I don’t know if this is what happens right before you die. Everything I have ever experienced is made crystalline. Nothing hurts any more. Hundreds upon thousands of moments glitter in unison, like snowflakes whose elaborate shapes are in full view. How is this possible, I can’t say. My every pain and joy, all my deep-rooted sorrows and loves, shine, not as an amalgam but as a whole comprised of distinct singularities, glowing together as one giant nebula.
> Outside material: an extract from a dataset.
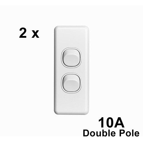 - 2 Gang Architrave Light Switch Slimline Double Pole 240V 10A

— Han Kang / We Do Not Part
What I’m Listening To:
Diversity Tribal Transgender Hispanic Green Fluoride Female
the strangest, most riveting fists found purchase at my temple a familiar scenario
a rough patch— a dispatch—
aggression unmoored this land is not mine / not yours it belongs to all / to none
so take your right cross & elbow shuck listen as i convert it to poetry for the empathically challenged suck on hardscrabble knuckles tattooed
“H A T E”
a brusque burlesque of mutual disdain convened long before the season of fake fascist spray-ons
all these deft scraps of ignorance a cutting shorthand of petty grievances dyspeptic interlocutions & prickly retractions unretracted unredacted — i remember last year was so hot
this will be hotter
this year will demarcate — forthwith — the honeymoon croon from hell
the detonation nation
plug your ears it’s coming
What I’m Reading:
these are not hypothetical concerns we craft memorials to forget stitch flags to unite violence
— mónica teresa ortiz / “the city that loves the bomb”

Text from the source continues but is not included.